Our grocery bills in Italy reflect their value of Good Food for Everyone. A huge take at IperCoop, an Italian chain, will set us back just 90 euros. Groceries easily a third to a half less what they cost in the US. Produce even cheaper. A few examples: frozen pizza (special treat for kids at home), two euros. Brick of coffee (half a kilo), less than three euros. UHP milk brick, seventy-five cents. Cold cuts? a couple of euros for a handsome packet of prosciutto wrapped in paper. Fresh mozzarella balls? Sixty cents. A whole Italian chicken? Four euros. And on and on. It all adds up. We eat so much better here for so much less. When our friends come to cook, I keep an eye on all their tricks, and have learned a few things here and there: a bit of butter in the red sauce. Salt your eggplant. How to dice zucchini for a frittata. And more.

The prepared food that is sold in Italy is more honestly made - in the sense that Italy does not add sugar to every single thing. We always say here, you know when you're eating sugar, because you have either put it in your coffee, or you are eating a sensibly-sized pastry. The amount of prepared food in Italian supermarkets is a fraction of what you find in the US. I remember being so frustrated by all the colorful packaging, the huge freezer sections. What if I just want to make some food? I despaired. Rows and rows of frozen freezer bags of things Americans can't or won't make, or don't have the time to make.

Italians always remark on it. Our friend Flavia was floored this summer in the US. Your food costs so much here! And it does. And it doesn't even taste that good.

Italy wants you to eat, and eat well, no matter how much you make. You could eat well here as a single person on sixty euros a week, if you planned your meals and cooked at home like 99% of Italians. And they would be good meals.
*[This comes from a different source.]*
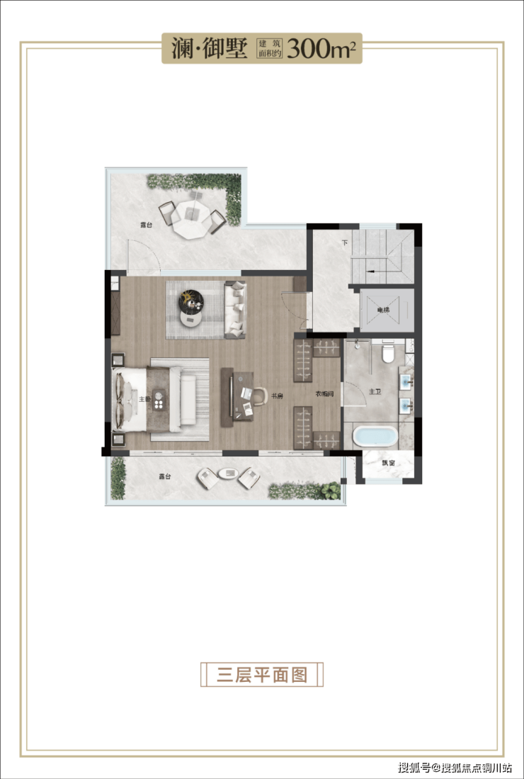 南向阳台纳园林远岫,北向露台揽星河入梦。

Friday, September 15, 2017

Firenze: The Discomforts of Home

The longest summer break known to the whole of mankind came to an end yesterday as Victor began first grade today. September 15, people.  By this time in the school calendar I had usually already been at school for a month and had drafted a list of classmates whom I planned to invite to my birthday party.

Victor is continuing into the elementary school in the same school where he completed materna (preschool) last year, at I Scolopi, a mere hop from Jason's office on Via Lamarmora.

(Eleanor began materna two weeks ago, essentially taking Victor's vacated space in the sezione italiana, which is populated by many international families. She is fully adjusted and happy as a clam with Maestras Sabrina e Manuela.)

I hounded the kids last night to get to bed, and set the alarm clock for the factory-whistle hour of 7:15 am. We read The Cat in the Hat Comes Back (Victor is obsessed with all the cats in the consecutively smaller hats, and with the invisible Little Cat Z.) Victor seemed vaguely aware of the imminent start of school. Honestly, it all seems like so long ago to him now. School? What school? There is a thing called school?

I woke up well before the alarm, and lazed until it went off. As Jason is returning today from his ten-day trip, we were all in the same bed. I shook Victor awake and said, Victor! It's a school day! 
He woke up and smiled. He really was excited. Our good Victor ate breakfast and got dressed, playing until Eleanor woke up.

We all got out to the busstop in front of our palazzo by 8 am, with an ample choice of buses (but no 19, sorry Victor!) The packed 6B stopped. "Come on, guys, we gotta get on this," I said, holding Victor's hand and heaving Eleanor onto my hip. We validated our ticket and sardined ourselves in. Grumpy Florentines were giving up no seats in spite of the two little kids. They have this strategy where they stare out the window and refuse to make eye contact.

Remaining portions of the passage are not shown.